▸ Action item:
Could you give the data below again exactly, apart from the pictures?

----- Dataset content

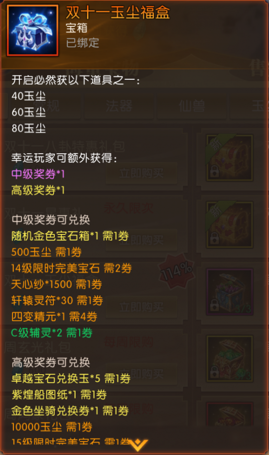 参与方式:天涯海市限时上架八卦/仙古/玄鹿三大特惠礼包与“玉尘福盒”
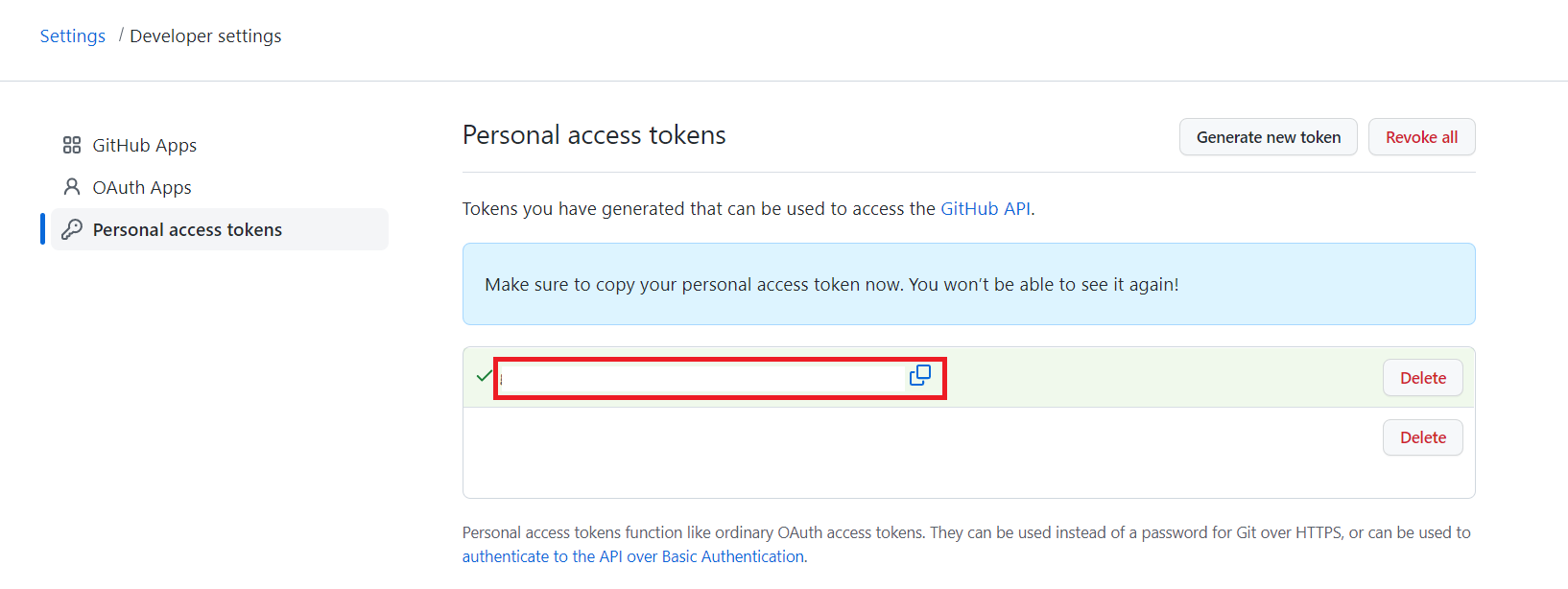 생성된 token은 반드시 저장해두셔야 합니다!! (나중에 다시 확인 어려워요)
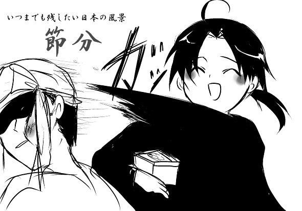 にこやかにお豆を投げつける先生がほほえましい絵ですね。
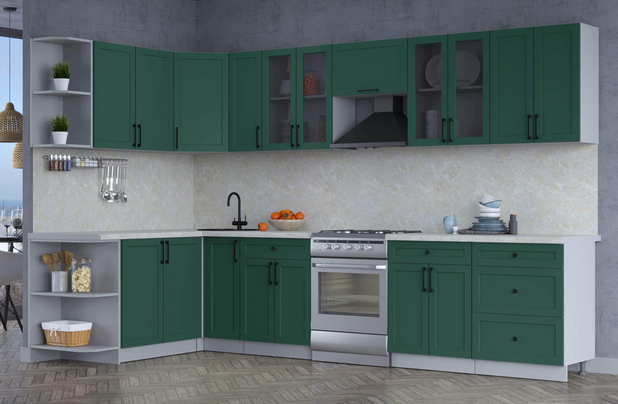 ГОТОВАЯ КУХНЯ ТРЕНД SOFT-TOUCH 1,7Х3,3 (ИЗУМРУД/ ИЗУМРУД) - Yuta.by

----------

▸ Response:
 参与方式:天涯海市限时上架八卦/仙古/玄鹿三大特惠礼包与“玉尘福盒”
 생성된 token은 반드시 저장해두셔야 합니다!! (나중에 다시 확인 어려워요)
 にこやかにお豆を投げつける先生がほほえましい絵ですね。
 ГОТОВАЯ КУХНЯ ТРЕНД SOFT-TOUCH 1,7Х3,3 (ИЗУМРУД/ ИЗУМРУД) - Yuta.by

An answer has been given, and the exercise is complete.